The Kingdom of God is heart of the New Testament Gospel. It was the central concern of the public ministry of Jesus, both before and after his death and resurrection (see Mark 1:14-15 & Acts 1:3). Following his ascension, his apostles continued to announce his Kingship/Lordship and to unveil its implications for the people of Israel as well as the other nations of the world (see Acts 2:22-36; 28:31). We continue to announce the loving rule of Jesus to all people and seek to describe and demonstrate the love, power, freedom, wisdom, grace and joy (among other things) that characterize His Kingdom.
When the seed God’s Kingdom is planted in the earth, its primary and abiding fruit is Spiritual Family.

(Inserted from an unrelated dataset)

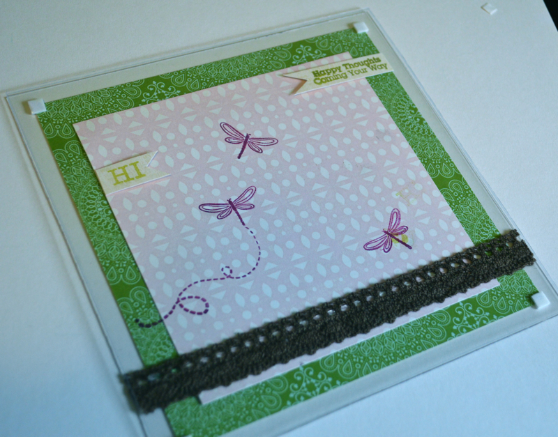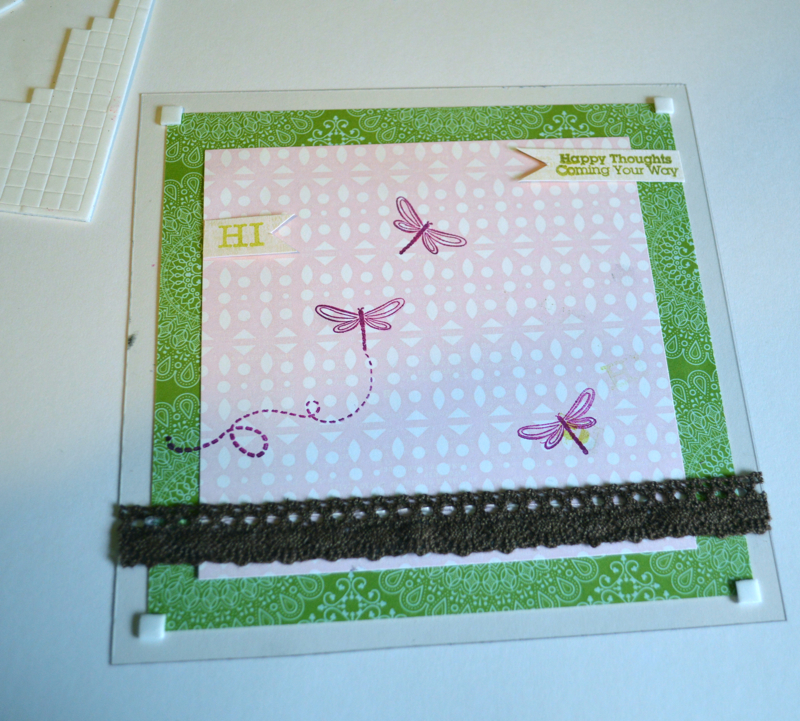 - Lay bottom embellished sheet down, using foam pop dots, place dot in each corner. (Same spot on each corner).

Jesus was not simply an itinerant preacher; he was a mentor whose disciples came to constitute a family unit (see Mark 3:31-35). He was very deliberately giving birth to a social reality – a human community – whose very existence is destined to confirm and express His identity as Messiah/King (see Matthew 16:13-20). We see ourselves as a family formed by the gospel’s power, who are invited to cultivate sincere and mutually-strengthening relationships as an expression of our membership in the Great Household of the Father.
A secondary and ongoing fruit of the Kingdom’s presence is Mission. As King, Jesus commands the destiny of his people by inviting them into his great Eternal Purpose (Eph 3:11). This agenda stretches back beyond creation and the millennia of human history and will continue to carry us forward into the glorious promise of eternity. In our present time, the mission looks like being a people who bear God’s presence by the Spirit, receive and demonstrate the Spirit’s power, and who bear witness to him by being and making disciples in all nations (see Acts 1:8; Matt 28:18-20), starting with Chicagoland.